--- Work to complete ---
Take the line with "1. Bowl de Pollo" as the first and the last line of the data as the end. Write out both and every line between exactly, except pictures.

--- Data ---
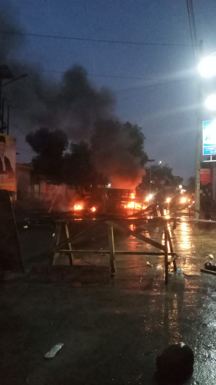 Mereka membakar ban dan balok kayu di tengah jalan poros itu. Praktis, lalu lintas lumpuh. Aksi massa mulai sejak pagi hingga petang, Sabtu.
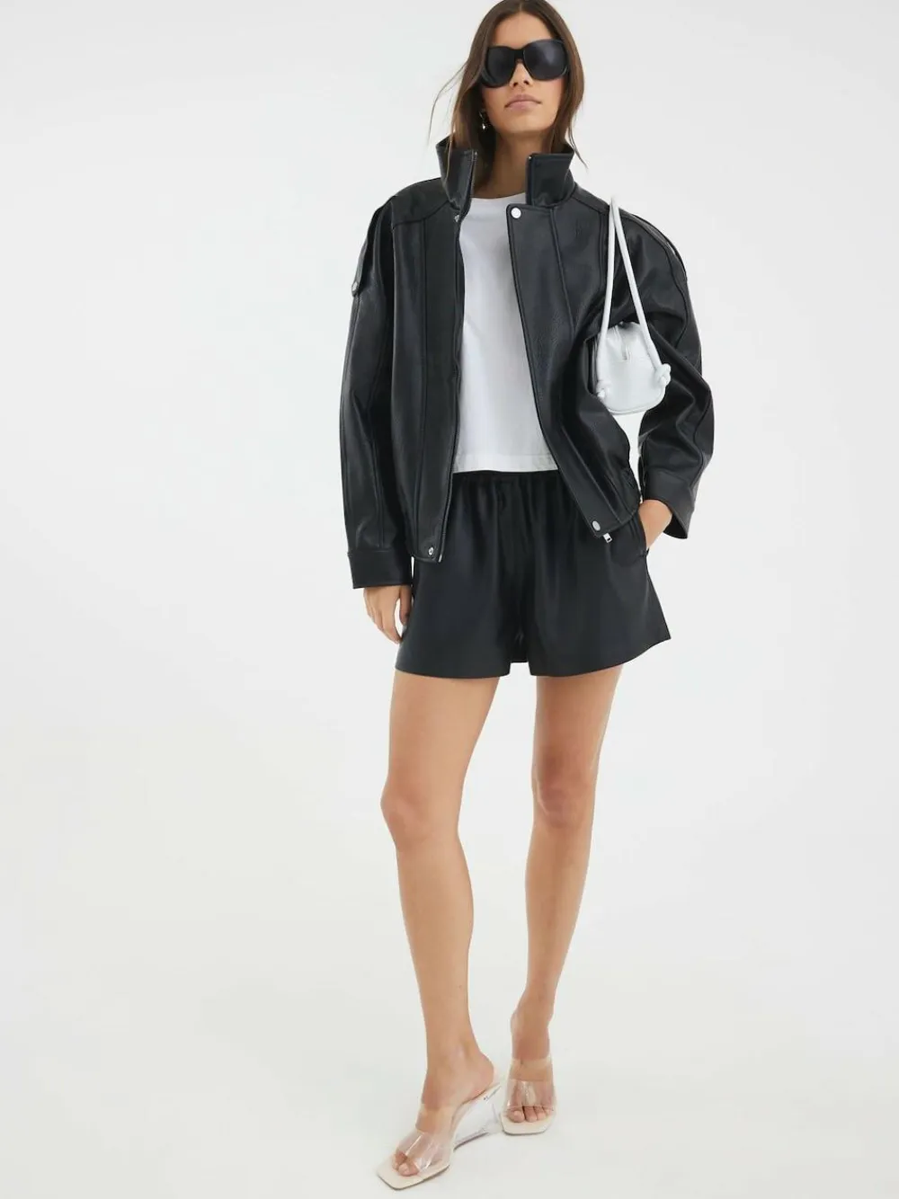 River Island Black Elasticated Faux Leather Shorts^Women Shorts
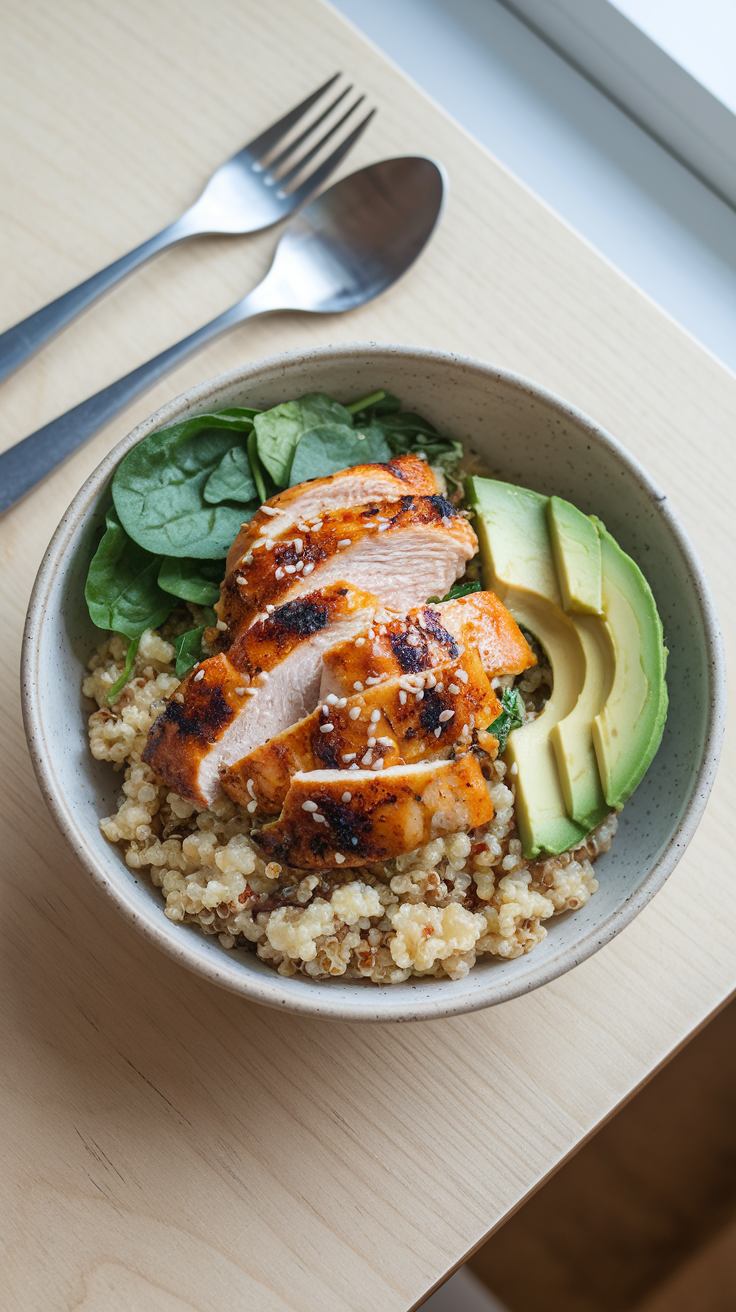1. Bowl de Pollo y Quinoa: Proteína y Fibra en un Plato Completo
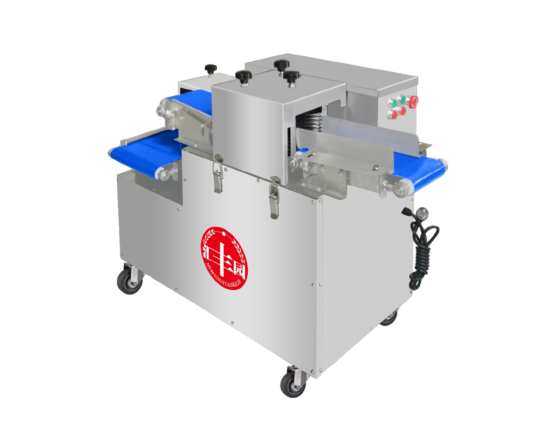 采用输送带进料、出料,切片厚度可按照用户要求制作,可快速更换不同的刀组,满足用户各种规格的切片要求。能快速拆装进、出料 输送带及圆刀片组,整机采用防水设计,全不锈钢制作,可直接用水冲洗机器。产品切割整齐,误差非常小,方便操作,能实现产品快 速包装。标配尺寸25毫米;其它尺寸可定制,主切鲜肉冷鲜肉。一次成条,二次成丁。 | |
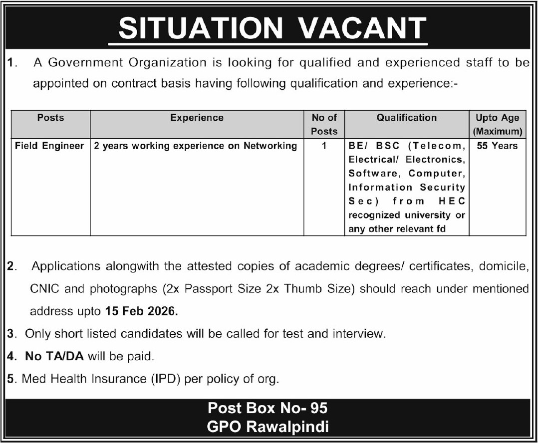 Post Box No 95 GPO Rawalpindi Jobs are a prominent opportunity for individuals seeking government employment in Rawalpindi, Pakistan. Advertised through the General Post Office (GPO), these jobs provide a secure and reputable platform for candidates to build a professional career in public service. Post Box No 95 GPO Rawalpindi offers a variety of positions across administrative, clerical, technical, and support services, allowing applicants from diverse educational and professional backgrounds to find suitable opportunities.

--- Response area ---
1. Bowl de Pollo y Quinoa: Proteína y Fibra en un Plato Completo
 采用输送带进料、出料,切片厚度可按照用户要求制作,可快速更换不同的刀组,满足用户各种规格的切片要求。能快速拆装进、出料 输送带及圆刀片组,整机采用防水设计,全不锈钢制作,可直接用水冲洗机器。产品切割整齐,误差非常小,方便操作,能实现产品快 速包装。标配尺寸25毫米;其它尺寸可定制,主切鲜肉冷鲜肉。一次成条,二次成丁。 | |
 Post Box No 95 GPO Rawalpindi Jobs are a prominent opportunity for individuals seeking government employment in Rawalpindi, Pakistan. Advertised through the General Post Office (GPO), these jobs provide a secure and reputable platform for candidates to build a professional career in public service. Post Box No 95 GPO Rawalpindi offers a variety of positions across administrative, clerical, technical, and support services, allowing applicants from diverse educational and professional backgrounds to find suitable opportunities.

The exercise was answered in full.